No one has rated this review as helpful yet
Recommended
0.0 hrs last two weeks / 880.6 hrs on record (593.7 hrs at review time)
Posted: Aug 11, 2020 @ 4:34pm
Updated: Aug 11, 2020 @ 5:04pm

It's hard to get into and learn, but once you do you get hooked on this game like no tomorrow. My favorite parts are the more narrative-driven events and actions and the overall complexities of having to manage both foreign and domestic affairs/political meddling. There's a nice amount of customization if you're like me and want to create a whole new lineage instead of playing off some random guys in history.

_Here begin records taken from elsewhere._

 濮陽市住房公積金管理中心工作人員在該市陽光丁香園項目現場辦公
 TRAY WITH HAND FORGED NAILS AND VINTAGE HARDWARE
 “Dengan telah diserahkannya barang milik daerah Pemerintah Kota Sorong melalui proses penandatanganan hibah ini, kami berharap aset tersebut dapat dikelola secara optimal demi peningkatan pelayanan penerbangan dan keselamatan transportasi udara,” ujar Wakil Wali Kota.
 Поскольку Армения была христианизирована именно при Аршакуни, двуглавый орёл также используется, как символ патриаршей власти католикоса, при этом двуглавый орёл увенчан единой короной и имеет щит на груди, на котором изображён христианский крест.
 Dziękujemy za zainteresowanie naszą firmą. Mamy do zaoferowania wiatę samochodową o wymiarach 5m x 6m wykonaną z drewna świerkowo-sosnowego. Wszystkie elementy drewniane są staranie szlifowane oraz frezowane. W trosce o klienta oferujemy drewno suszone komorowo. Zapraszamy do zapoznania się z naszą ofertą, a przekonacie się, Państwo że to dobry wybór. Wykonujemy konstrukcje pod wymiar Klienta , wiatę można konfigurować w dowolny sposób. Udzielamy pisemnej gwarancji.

The game can play very differently depending on who you are and how powerful you get. If you first start out as a count/duke, your gameplay revolves mainly around conquering new lands yourself and protecting you and your family from ambitious rivals looking to steal your titles-- not to mention other foreign rulers looking at your lands with a hungry eye. As you work your way up to king, your general gist is the same but this time you get an advisor spot and politics, I feel, are at their highest point with kingdoms. A lot of my Kingdom-title gameplay is bribing, murdering, cajoling, and what have you.
Empires are where the focus shifts. Once you get a good, sizable empire going with a few or more powerful Kingdoms, you don't have to do much conquering yourself anymore. If you allow external vassal wars only, your powerful king/queen vassals will wage war on foreigners by their own accords for their own kingdom, expanding your empire all the same.

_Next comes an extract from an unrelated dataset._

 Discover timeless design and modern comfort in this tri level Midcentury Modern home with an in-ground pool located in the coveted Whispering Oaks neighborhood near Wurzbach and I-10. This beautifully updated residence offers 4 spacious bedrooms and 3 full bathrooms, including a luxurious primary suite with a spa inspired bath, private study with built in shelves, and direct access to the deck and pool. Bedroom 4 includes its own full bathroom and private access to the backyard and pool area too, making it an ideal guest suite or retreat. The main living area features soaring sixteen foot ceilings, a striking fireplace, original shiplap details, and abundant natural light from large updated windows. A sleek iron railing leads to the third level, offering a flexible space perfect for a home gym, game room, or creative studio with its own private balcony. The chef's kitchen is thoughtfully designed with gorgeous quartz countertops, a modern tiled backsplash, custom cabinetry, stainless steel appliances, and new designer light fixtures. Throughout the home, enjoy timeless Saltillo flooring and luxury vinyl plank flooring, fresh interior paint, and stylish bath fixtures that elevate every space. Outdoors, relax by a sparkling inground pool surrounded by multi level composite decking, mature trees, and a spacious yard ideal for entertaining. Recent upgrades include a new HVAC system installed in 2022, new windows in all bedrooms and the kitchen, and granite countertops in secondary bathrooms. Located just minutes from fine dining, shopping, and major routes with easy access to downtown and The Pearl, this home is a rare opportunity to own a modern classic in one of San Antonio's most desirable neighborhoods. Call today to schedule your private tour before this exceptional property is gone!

Politics get easy by this point (If you have started from Count/Duke) because at this point you have a slew of prestige and vassal opinion bonuses from artifacts, Dynasty prestige, titular holdings, and whatever else. You start making enough money to win entire Crusades off of mercenaries. Succession cease to become a worry because your dynasty now holds 4 separate kingdom titles plus an Empire with 60 living members and plenty of heirs. If you choose Imperial Elective, too, you can literally pick and choose your heir. Rigging the elections are not hard once you have gold flowing out your ass and a lot of stacking effects-- and that's just western Europe Christendom playthrough: you can play as a Swede Viking that's way more focused on combat with ♥♥♥♥ all to politics, or a nomad that says '♥♥♥♥ politics' even harder. Maybe be a merchant prince and deal entirely with politics and money. There's a lot of opportunities for this game, and I have barely scratched starting outside of the British Isles / Ireland, and I'm almost at 600 hours with this game.
A few things are a bit silly, like empire-tier titles not being able to usurp kingdom/empire tier titles so you end up with a foreign kingdom that's 99% under your control but making you go over vassal limit because you can't give all the dukes/duchess' their de jure ruler, just making the whole thing a fustercluck, or the ungodly RNG system that comes whenever you want to do a duel.
Besides those and a relatively minor few other things, this game is fantastic and will steal hours from you. Looking forward to CK3.